▸ EXTRACTED ENTRIES
◇ ◇ ◇
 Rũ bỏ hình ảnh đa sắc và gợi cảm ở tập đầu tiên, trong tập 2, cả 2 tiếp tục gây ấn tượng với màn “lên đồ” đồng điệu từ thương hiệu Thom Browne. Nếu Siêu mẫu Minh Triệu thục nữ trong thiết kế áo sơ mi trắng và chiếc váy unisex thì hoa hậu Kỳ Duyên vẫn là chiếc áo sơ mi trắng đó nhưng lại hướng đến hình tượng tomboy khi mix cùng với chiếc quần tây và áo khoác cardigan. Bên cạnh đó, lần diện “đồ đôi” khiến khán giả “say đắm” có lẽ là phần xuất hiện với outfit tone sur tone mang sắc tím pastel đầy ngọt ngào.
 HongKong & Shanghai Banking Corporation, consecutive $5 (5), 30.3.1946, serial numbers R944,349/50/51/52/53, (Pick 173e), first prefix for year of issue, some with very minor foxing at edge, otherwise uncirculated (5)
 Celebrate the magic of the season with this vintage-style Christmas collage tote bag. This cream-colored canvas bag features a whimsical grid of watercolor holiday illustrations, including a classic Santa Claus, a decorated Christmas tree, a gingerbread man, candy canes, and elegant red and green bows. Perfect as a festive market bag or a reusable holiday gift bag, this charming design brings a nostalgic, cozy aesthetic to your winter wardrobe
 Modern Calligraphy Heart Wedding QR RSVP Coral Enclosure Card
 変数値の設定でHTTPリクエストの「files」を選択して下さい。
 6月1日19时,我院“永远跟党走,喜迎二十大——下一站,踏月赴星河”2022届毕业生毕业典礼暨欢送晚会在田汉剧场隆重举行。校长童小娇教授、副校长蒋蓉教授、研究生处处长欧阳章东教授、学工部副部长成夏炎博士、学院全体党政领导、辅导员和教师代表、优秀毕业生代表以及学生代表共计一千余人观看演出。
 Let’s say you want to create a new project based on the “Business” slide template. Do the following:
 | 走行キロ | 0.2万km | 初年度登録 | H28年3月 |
◇ ◇ ◇
▸ AIM OF THE EXERCISE
Output only an exact transcription of the lines above from the one with "Celebrate the magic" up to and including the one with "Let’s say you".

▸ FINISHED EXERCISE
 Celebrate the magic of the season with this vintage-style Christmas collage tote bag. This cream-colored canvas bag features a whimsical grid of watercolor holiday illustrations, including a classic Santa Claus, a decorated Christmas tree, a gingerbread man, candy canes, and elegant red and green bows. Perfect as a festive market bag or a reusable holiday gift bag, this charming design brings a nostalgic, cozy aesthetic to your winter wardrobe
 Modern Calligraphy Heart Wedding QR RSVP Coral Enclosure Card
 変数値の設定でHTTPリクエストの「files」を選択して下さい。
 6月1日19时,我院“永远跟党走,喜迎二十大——下一站,踏月赴星河”2022届毕业生毕业典礼暨欢送晚会在田汉剧场隆重举行。校长童小娇教授、副校长蒋蓉教授、研究生处处长欧阳章东教授、学工部副部长成夏炎博士、学院全体党政领导、辅导员和教师代表、优秀毕业生代表以及学生代表共计一千余人观看演出。
 Let’s say you want to create a new project based on the “Business” slide template. Do the following:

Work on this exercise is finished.